2. Understanding results¶

After running, the generated files are shown in the following screenshot.

Image title — **Fig** 1. Generated files with MCL

In the output directory, there are three files:

Annotation

{method}_ave_ed_pos_bin.txt - in which UMI count summary results will be stored, indicating observed UMIs assigned to multiple genes.
{method}_dedup_sum.txt - deduplicated UMI counts across all reads in the newly generated bam file.
{method}_dedup.bam - in which the deduplicated reads will be stored.

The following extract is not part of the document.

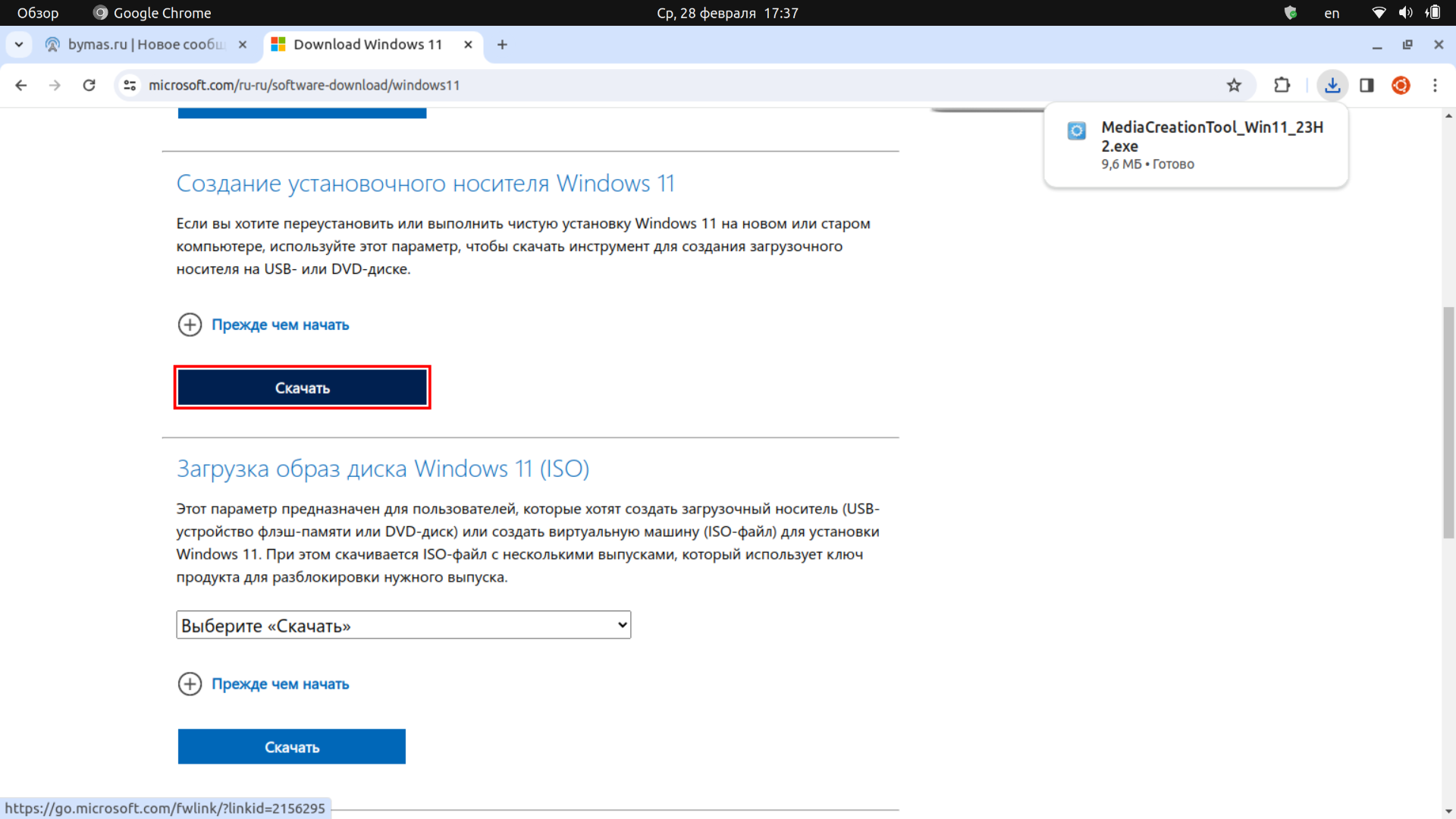 качать нужно не образ, качать нужно по второй кнопке - Средство создания носителя, в нём можно создать как флешку, так и iso

Statistics provided in file mcl_ave_ed_pos_bin.txt are tabulated as follow:

ave_eds	count
-1.0	4339
6.0	1
7.0	26
...	...

Annotation

the 1st column - average edit distance between UMIs.
the 2nd column - number of UMI-tagged reads observed in that edit distance.
* -1.0 in column edit distance represents that only one unique umi seen for all types of genes; in total there are 4339 reads seen with one unique umi.

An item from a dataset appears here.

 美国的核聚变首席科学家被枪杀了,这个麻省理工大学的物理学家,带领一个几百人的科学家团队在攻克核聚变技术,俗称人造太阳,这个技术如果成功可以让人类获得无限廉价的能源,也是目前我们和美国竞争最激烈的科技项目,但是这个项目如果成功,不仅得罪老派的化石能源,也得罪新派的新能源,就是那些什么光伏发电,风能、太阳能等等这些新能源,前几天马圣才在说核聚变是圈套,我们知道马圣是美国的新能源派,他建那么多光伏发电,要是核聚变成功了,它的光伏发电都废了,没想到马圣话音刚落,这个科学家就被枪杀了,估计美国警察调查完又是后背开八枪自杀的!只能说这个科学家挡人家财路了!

Statistics provided in file mcl_dedup_sum.txt are tabulated as follow:

index	{method}_umi_len	ave_eds	uniq_umi_len	dedup_uniq_diff_pos	dedup_read_diff_pos
exon-NM_000059.4-10	11	13.0	11	0	0
exon-NM_000059.4-11	9	13.0	9	0	0
exon-NM_000059.4-22	3	13.0	3	0	0
...	...	...	...	...	...

Annotation

the 1st column - gene types/marker.
the 2nd column - deduplicated UMI counts (corresponding to the number of DNA molecules/transcripts) for a given gene type.
the 3rd column - average edit distances between UMIs for given gene types.
the 4th column - unique UMI counts for given gene types.
the 5th column - difference in dedup UMI counts and original unique UMI counts.
the 6th column - difference in the number of dedup reads and original reads.